„Ihr wisst, dass in zwei Tagen das Passafest beginnt. Dann wird der Menschensohn verraten und gekreuzigt werden.“ Etwa um die gleiche Zeit versammelten sich die führenden Priester und die Ältesten des jüdischen Volkes im Palast des Hohepriesters Kajafas und berieten miteinander, zu welcher List sie greifen könnten, um Jesus festzunehmen und dann umzubringen. „Auf keinen Fall darf es während des Festes geschehen“, sagten sie, „sonst gibt es einen Aufruhr im Volk.“ (Matthäus 26, 2-5 Neue Genfer Übersetzung)
Erst bestürmt, dann gemieden. Erst bejubelt, dann verleugnet. Erst ersehnt, dann verachtet. Erst geglaubt, dann verspottet.
Lange hatte es nicht gedauert, bis sich Jesus aus Nazareth einen Ruf erworben hatte. Die Massen waren ihm gefolgt, entgegengeeilt. Hatten große Hoffnungen in ihn gesetzt, sich heilen lassen, sich weisen lassen. Es hatte nicht lange gedauert, bis sein Ruf auch bei den führenden Gelehrten im Tempel ankam. Und die waren verunsichert. Sie stellten ihn auf die Probe, verwickelten Jesus in theologische Gespräche, prüften seine Gesetzestreue und wussten nicht so recht, was sie von ihm halten sollten. Doch dann wurde er den Gesetzeshütern gefährlich, hatte sich als König huldigen lassen und im Tempel einen Tumult unter den Händlern ausgelöst. Dazu maßte er sich an, das Wort der Schrift wahrheitsgetreu auszulegen, wusste es besser als die Tempelgelehrten selbst und schickte sich an, die geltende Ordnung auf den Kopf zu stellen.
Niemand wollte, dass ein Aufstand losbrach. Schon gar nicht die Gesetzeshüter in Jerusalem. Was konnte man tun? Das oberste jüdische Gericht konnte Jesus aus Nazareth vorladen und gegebenenfalls bestrafen; nicht aber mit dem Tod. Es musste schon ein Weg gefunden werden, Jesus ganz loszuwerden. Die Ereignisse überschlagen sich. Zum Passahfest wird der Unruhestifter festgenommen. Auch das Volk wendet sich gegen Jesus, der zwar wie ein König empfangen wurde, aber kein Königreich in Jerusalem aufrichten will. Das Volk wendet sich gegen Jesus, der vom Reich Gottes spricht, es aber nicht aufrichtet, sondern davon spricht, dass es hier und da aufblitzt und wachsen muss.

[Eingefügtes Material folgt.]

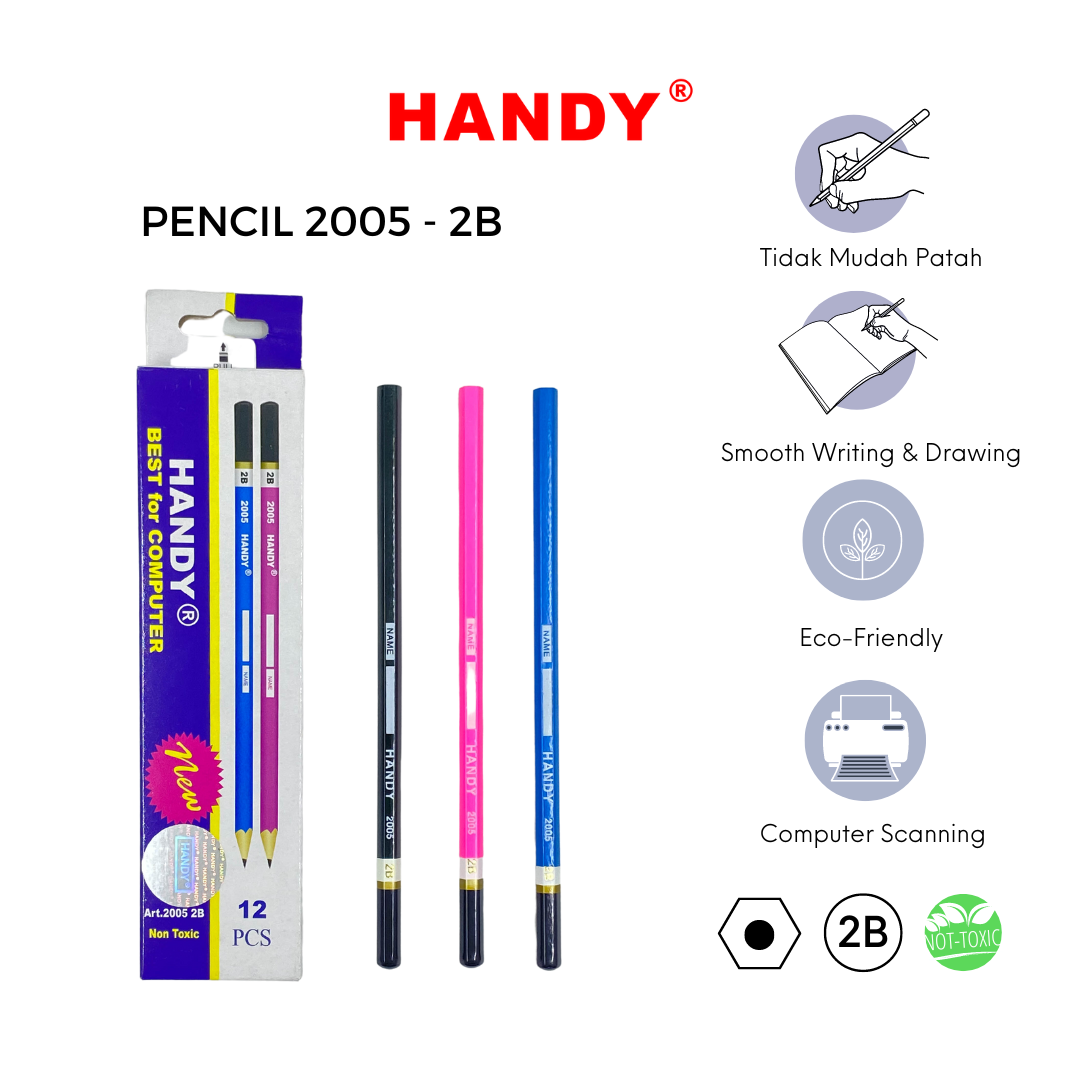 PENSIL HANDY 2005 – 2B Isi 12 PCS Pencil Sketch Gambar Writing Drawing

Wie enttäuschend. Die Geschichte gerät aus den Fugen, und am Ende steht für Jesus ein Kreuz auf Golgatha und er stirbt als Hochverräter.

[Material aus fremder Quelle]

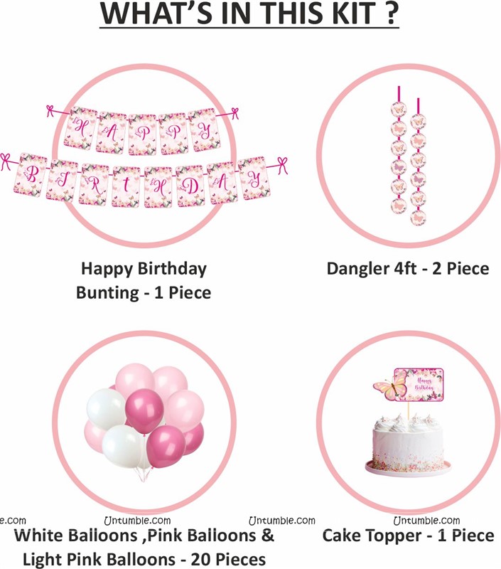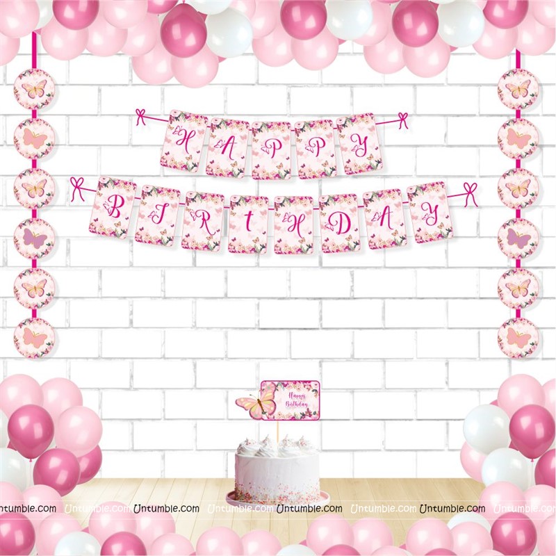 Butterfly theme Super saver birthday decoration kit (Pack of 58 pieces)

Nicht erst seit heute stehen Menschen Gott feindselig gegenüber. Sie wollen die neue Lehre nicht, sie halten sich die Ohren zu und wenden sich von Jesus ab. Er ist anstrengend, dieser Jesus mit seiner Aufforderung zur Nächstenliebe und dann auch noch zur Feindesliebe. Er ist herausfordernd, wenn er mir aufträgt, mein Hab und Gut zu veräußern, um ihm folgen zu können. Er ist mir zu viel, wenn er mich anleitet, die sieben Werke der Barmherzigkeit nicht nur zu predigen, sondern auch zu tun. Christsein ist anspruchsvoll. Manchmal zu anspruchsvoll. Vielleicht wendet sich dann auch mein Glaubensblatt. Ich nehme gerne an, dass Jesus mir die Last von den Schultern genommen hat und ich versöhnt Gott gegenübertreten darf; nehme auch gerne an, dass ich ein geliebtes Kind Gottes bin und mein Ziel in seiner Herrlichkeit habe. Schön ist auch zu hören, dass ich mich jederzeit an ihn wenden kann und dass das Kreuz auch mein Leben heilt.

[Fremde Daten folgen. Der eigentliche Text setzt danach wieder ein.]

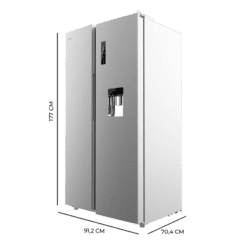 Frigorífico americano Side by Side Inox con 559 litros de capacidad, 177 cm de alto y 90 cm ancho, clase D, con sistema Multi Air Flow , total No frost, motor inverter plus.

Doch ganz im Glauben zu bleiben, ist so schwer. Ich muss aushalten, dass ich mit meinem Glauben in der Gegenwart alleine bin; muss akzeptieren, dass es nicht schnell mit dem Reich Gottes geht und dass Geduld die Mutter eines jeden Gemeindeaufbaus ist. Ich muss anerkennen, dass Gott den Zeitrahmen festlegt, wann und wie sein Wille geschieht, und ich nicht nachhelfen kann.
Geduld und Glaubenstreue sind gefragt, wenn es um unsere Gemeinden oder um unser persönliches Schicksal geht. Und das Vertrauen, dass alleine Gott das Blatt wenden kann in unseren Gemeinden und in unserem Leben wie damals in Jerusalem, als über den Tod das Leben siegte, weil Gottes Wille geschah.
Jutta Grashof
(in: Evangelische Frauenhilfe im Rheinland (Hrsg.), Andachten 2023. Zeitenwende(n). 24 Andachten durch das Kirchenjahr 2022 / 2023)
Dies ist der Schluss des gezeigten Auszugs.